Good luck, little one!


----------



## RachandNito (Nov 21, 2008)

Winry did just fine and is spending the night at the clinic on a CRI to get her through the first 24 hours. I will see her tomorrow morning and try to hop on the clinic computer to let you all know how she is doing.


----------



## Susan (Mar 29, 2010)

I'm happy to hear she came through the surgery well. I hope tomorrow morning's update is also positive. Get well soon Winry!


----------



## RachandNito (Nov 21, 2008)

PHEW! Crazy, insane, busy busy busy day, I just didn't have time to get online any sooner than this.

Winry is in pain, like I suspected, but she is doing ok. She was freaking out this morning and the moment I walked in the door I didn't even have my coat off and the other techs were like RACHEL YOU NEED TO CONSOLE WINRY!! Everyone was amazed by how easily she calmed down after she heard my voice. She just had to pee really bad and was very hungry! Only I know how to get her to pee on her own though :lol: But after she relieved herself and had some breakfast, she was content. She spent the day relaxing while I worked and then just now she had her bandage changed which she was not happy with at all. Now I have to go drive the clinic van to transport 50+ cats who were spayed today 2 hours north (the things I let myself get talked in to!) and it's another 2 hours back so she's gotta hang out at the clinic for a while this evening but we are gonna have a very special time planned for when we get home tonight. All the attention, shaved turkey, and cuddling she could ever want. 

Did I mention that by the end of the day I'll have worked over 14 hours straight?


----------



## Greenport ferals (Oct 30, 2010)

Great update for Winly fans, thank you Rachel. 

Please be careful on the roads (holiday traffic.)


----------



## RachandNito (Nov 21, 2008)

PHEW! We finally made it. I just worked the longest day of my life- 16 hour shift! But all the animals were delivered home safely as were Winly and myself. Winly has been very agitated since we left the clinic. She'd messed with her catheter while she was alone at the clinic it seems because it was no longer patent when I checked it just now so I decided to pull it. And no wonder she was so upset- whoever taped the catheter in mistakenly used the wrong tape and it was so adhered to her skin she was screaming as I even tried to peel the first little bit. So I had to sedate her with a bit of Dexmedetomidine to take the edge off, and I got that catheter pulled. I only gave her enough to really have a noticeable effect for about 10 minutes, so now she is much happier and laying right next to me in my bed.

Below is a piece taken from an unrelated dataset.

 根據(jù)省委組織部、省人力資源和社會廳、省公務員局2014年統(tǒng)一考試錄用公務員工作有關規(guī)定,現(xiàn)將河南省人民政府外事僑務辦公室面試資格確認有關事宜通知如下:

Poor little Winly would never make it through a metal detector with all the metal she's got in her legs.


----------



## WhiteKitties (Dec 22, 2008)

Poor little Winly! Good thing you figured out what was bothering her so much! Sending good thoughts her way! (Fern and Fergie too!)


----------



## RachandNito (Nov 21, 2008)

We've had some bandage complications. Her new bandage that she got yesterday was put on perfectly but her leg was swelling so it caused it to get too tight. Luckily I noticed it and when I saw how swollen and cold her toes were I took it off right away. And so she had just a simple wrapping covering her leg all night but without a bulky bandage I was able to ice it very well. Her skin on that leg is scary looking- it's very fragile and damaged from the multiple incisions and being so long in a cast. There is still a huge risk of dihiscence of that incision and if that were to happen then amputation will be a real possibility. Winry is back at the clinic today while I am at school for yet another bandage change.

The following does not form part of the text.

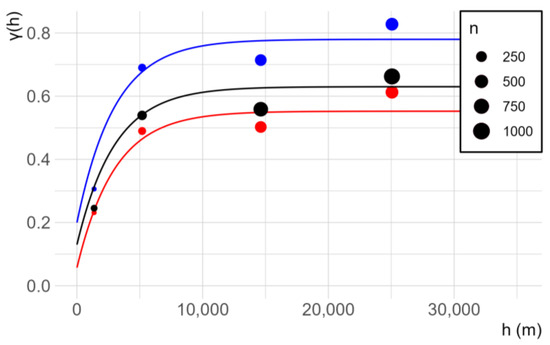 Experimental variograms (circles) and theoretical variograms (fitted lines). The variograms of logT, logSc, and logT × logSc are represented in blue, red, and black, respectively.

Poor baby. Her spirits are low today, I can just tell by looking at her. With a few more days of healing I am hoping she'll feel better and be back to her loving, affectionate self. The only time I've heard her purr since her last surgery is when my boyfriend came home and gave her attention. I am the one doing all the work and she likes HIM the best! No fair!


----------



## Darkcat (May 27, 2010)

Poor girl. She's been through so much. 

Hope she's in better spirits soon.


----------



## Time Bandit (Aug 17, 2010)

Poor little Winly.  I hope she's feeling better real soon. She certainly deserves it.


----------



## Straysmommy (Dec 23, 2010)

How's her other leg doing?


----------



## RachandNito (Nov 21, 2008)

It's great. Still a lot of stiffness in the stifle, which sadly may be permanent (but doesn't hinder her ability to walk), but the pain level in that leg seems very minimal. She hardly protests her PROM therapy anymore, and seems unbothered when I gently palpate the area of the break.


----------



## Straysmommy (Dec 23, 2010)

Does she use that leg? Does that leg help her walk?


----------



## RachandNito (Nov 21, 2008)

Yep, the left hind leg (the one without the bandage that has a broken femur) is well on it's way to healing up very nicely. And if I allow her to walk on her own, she uses it to walk with, not bearing any weight on that right hind (with the broken tibia and dislocated hock) at all.


----------



## Straysmommy (Dec 23, 2010)

That's wonderful. So if God forbid worse comes to worst, she'll still have satisfactory quality of life with 3 legs.


----------



## RachandNito (Nov 21, 2008)

Oh definitely. I KNOW she would get around just fine on three legs. She's a survivor and has the strongest will I have even known.


----------



## RachandNito (Nov 21, 2008)

We're having a bad night. :-( It seems dropping her off at the clinic for a bandage change was pointless because when I finally got her home today her foot was more swollen than ever and ice cold. I quickly called the vet and got permission to cut the cast off. I've been icing her leg but I gotta be honest it looks really bad you guys. I personally feel it would benefit from being allowed to breath a little, the skin is just so... gah, it's horrible to even look at. Her skin's got pressure damage, it's thin, bruised, sores all over, the incision is quite scary looking. It looks so awfully painful.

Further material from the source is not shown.